• Problem description: Exact transcription of the data below is required, without the images.

• Input data:
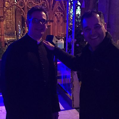 Father Stuart Craddock has installed a synthetic ice rink in his church in the run-up to Christmas in the hope of getting more people through the door. St Wulfram's Church in Lincolnshire, which dates from the 1300s, is also decorated with more than a hundred Christmas trees. Danny Savage put his skates on to find out more. (Photo: Father Craddock and reporter Danny Savage on their skates. Credit: BBC)
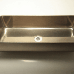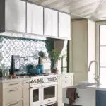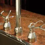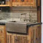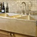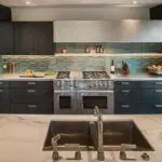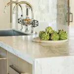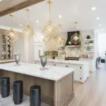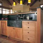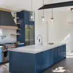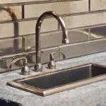 Olympus cabinet pulls (CK359) and Olympus grips (G661) shown in silicon bronze, dark lustre patina. The Alpha pendant (PE455) with custom glass, custom socket covers, custom bulbs shown in silicon bronze, dark lustre patina. Kitchen Deck Mount faucet (DMF) with Arched spout (P700) with the Cross knobs (K235) and the Quadra sink (SK422) shown in white bronze, light patina.
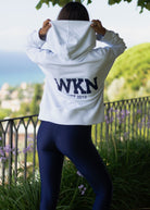 Felpa garzata grigio bianca con stampa blu sul retro "WKN EST 2012"
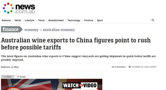 澳新網(wǎng)報道,根據(jù)澳洲葡萄酒機(jī)構(gòu)(WA),2019年9月至2020年9月,澳洲出口至中國(包括中國香港、澳門地區(qū))的葡萄酒價值達(dá)到了創(chuàng)造紀(jì)錄的125億元。
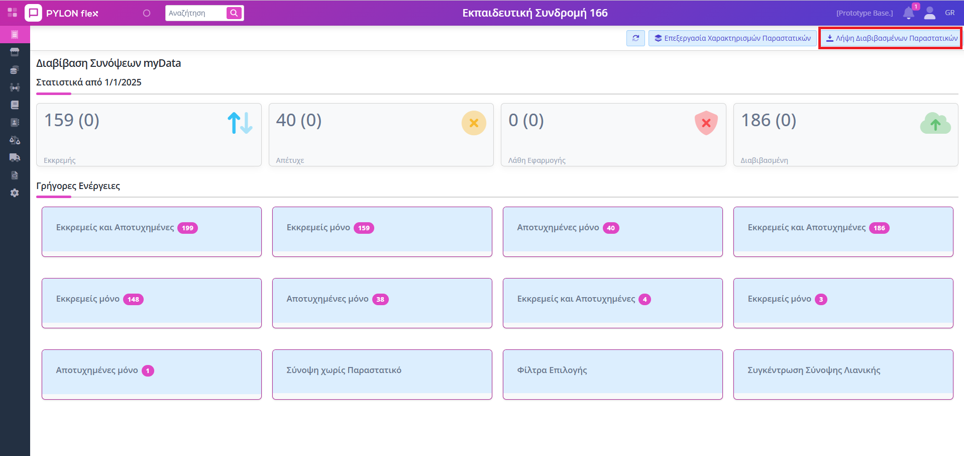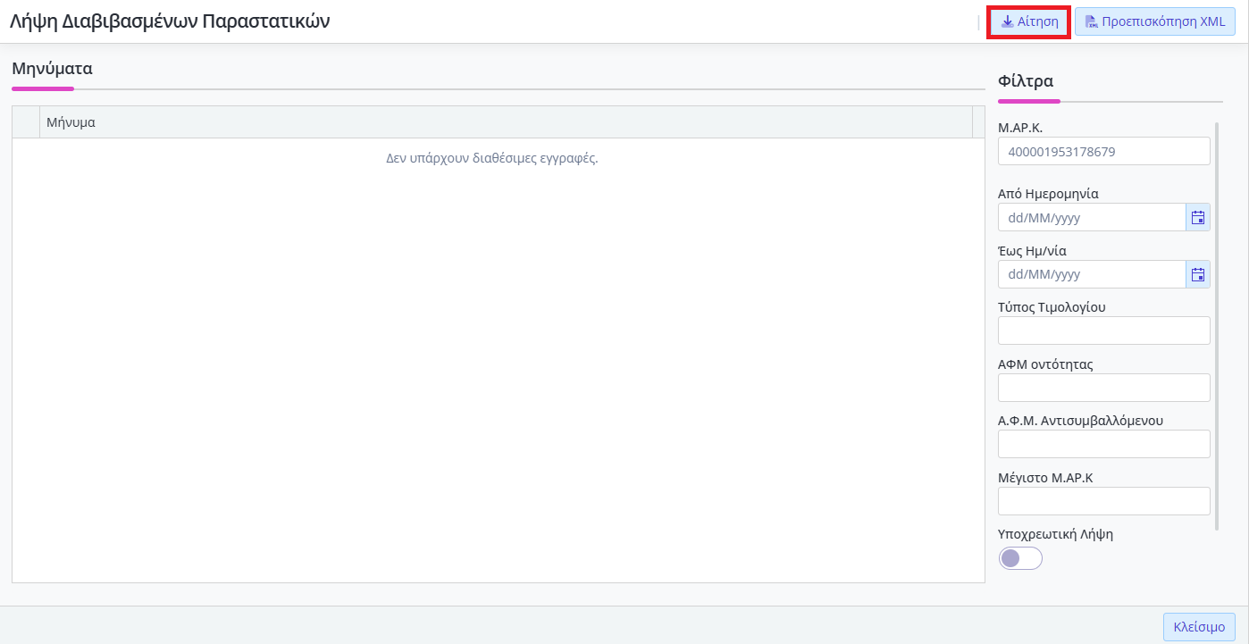 εμφανίζει σαν πληροφορία το τελευταίο διαβιβασθέν Mark από την εφαρμογή και πατώντας την λήψη, θα ενημερώσει αυτόματα τα παραστατικά των πωλήσεων για τα οποία έχει γίνει αλλαγή / ακύρωση εκτός εφαρμογής.
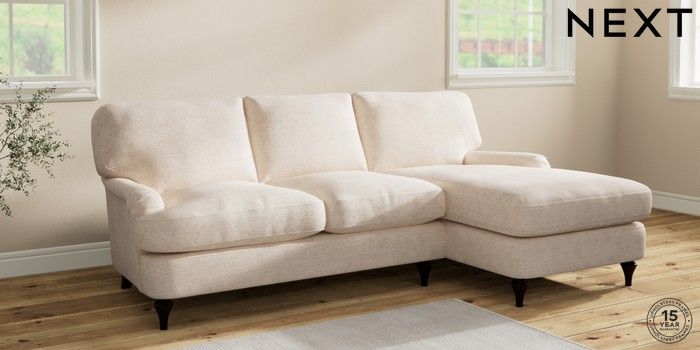 6.12.1 Buy Sadie Deep Relaxed Sit Medium Sofa Chaise - Right Hand Boucle Chenille Oyster High Slim Turned - Dark from the Next UK online shop Click here to use our accessible website
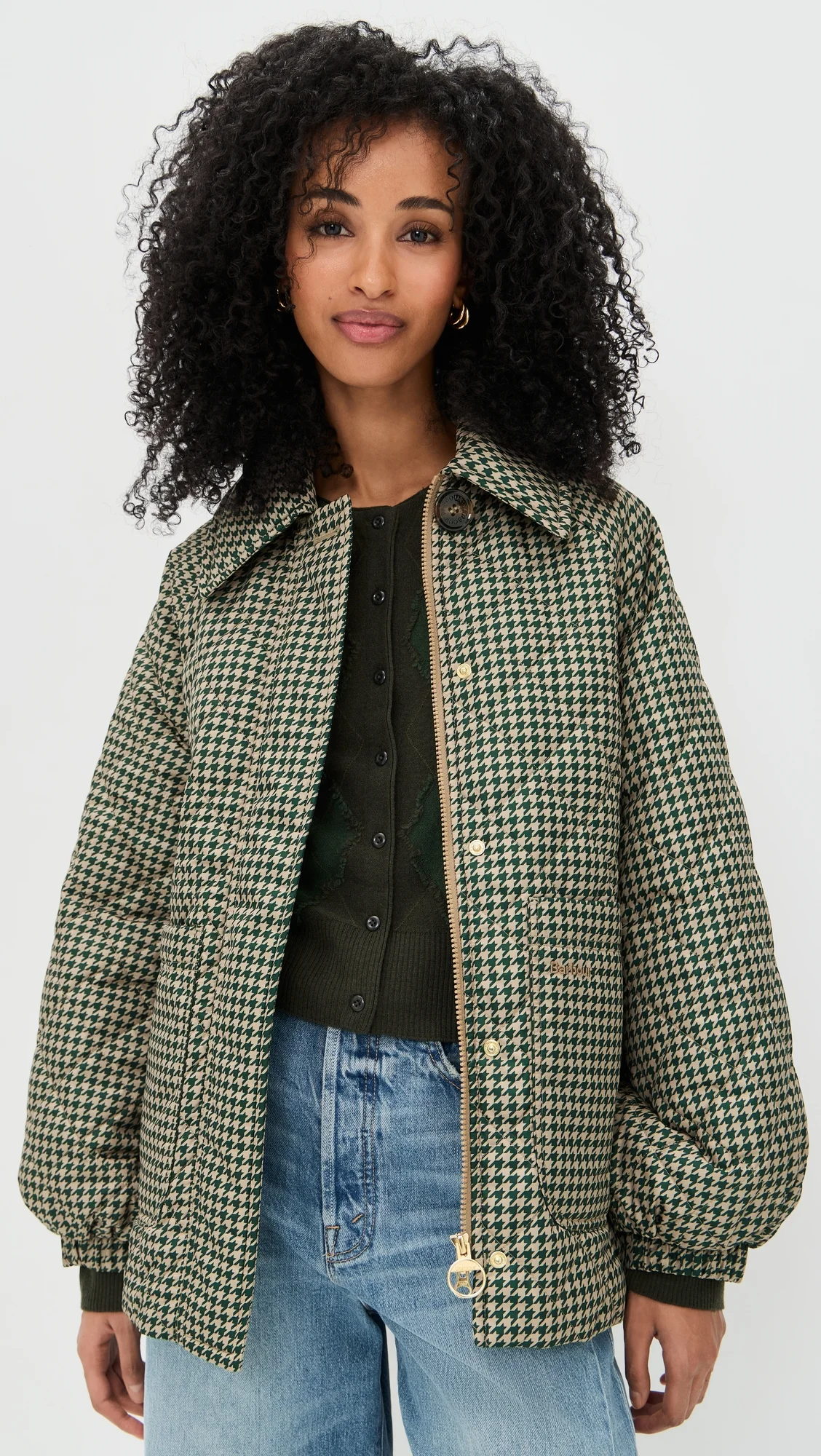 - Fabric: Mid-weight, non-stretch nylon - Houndstooth print - Collared neck - Long sleeves with elastic cuffs - Snap flap and hidden zip placket - Patch front pockets - Shell: 100% polyester - Lined - Fill: 100% polyester - Wash cold - Imported, Vietnam Style #BARBO30666

• Response area:
 Father Stuart Craddock has installed a synthetic ice rink in his church in the run-up to Christmas in the hope of getting more people through the door. St Wulfram's Church in Lincolnshire, which dates from the 1300s, is also decorated with more than a hundred Christmas trees. Danny Savage put his skates on to find out more. (Photo: Father Craddock and reporter Danny Savage on their skates. Credit: BBC)
 Olympus cabinet pulls (CK359) and Olympus grips (G661) shown in silicon bronze, dark lustre patina. The Alpha pendant (PE455) with custom glass, custom socket covers, custom bulbs shown in silicon bronze, dark lustre patina. Kitchen Deck Mount faucet (DMF) with Arched spout (P700) with the Cross knobs (K235) and the Quadra sink (SK422) shown in white bronze, light patina.
 Felpa garzata grigio bianca con stampa blu sul retro "WKN EST 2012"
 澳新網(wǎng)報道,根據(jù)澳洲葡萄酒機(jī)構(gòu)(WA),2019年9月至2020年9月,澳洲出口至中國(包括中國香港、澳門地區(qū))的葡萄酒價值達(dá)到了創(chuàng)造紀(jì)錄的125億元。
 εμφανίζει σαν πληροφορία το τελευταίο διαβιβασθέν Mark από την εφαρμογή και πατώντας την λήψη, θα ενημερώσει αυτόματα τα παραστατικά των πωλήσεων για τα οποία έχει γίνει αλλαγή / ακύρωση εκτός εφαρμογής.
 6.12.1 Buy Sadie Deep Relaxed Sit Medium Sofa Chaise - Right Hand Boucle Chenille Oyster High Slim Turned - Dark from the Next UK online shop Click here to use our accessible website
 - Fabric: Mid-weight, non-stretch nylon - Houndstooth print - Collared neck - Long sleeves with elastic cuffs - Snap flap and hidden zip placket - Patch front pockets - Shell: 100% polyester - Lined - Fill: 100% polyester - Wash cold - Imported, Vietnam Style #BARBO30666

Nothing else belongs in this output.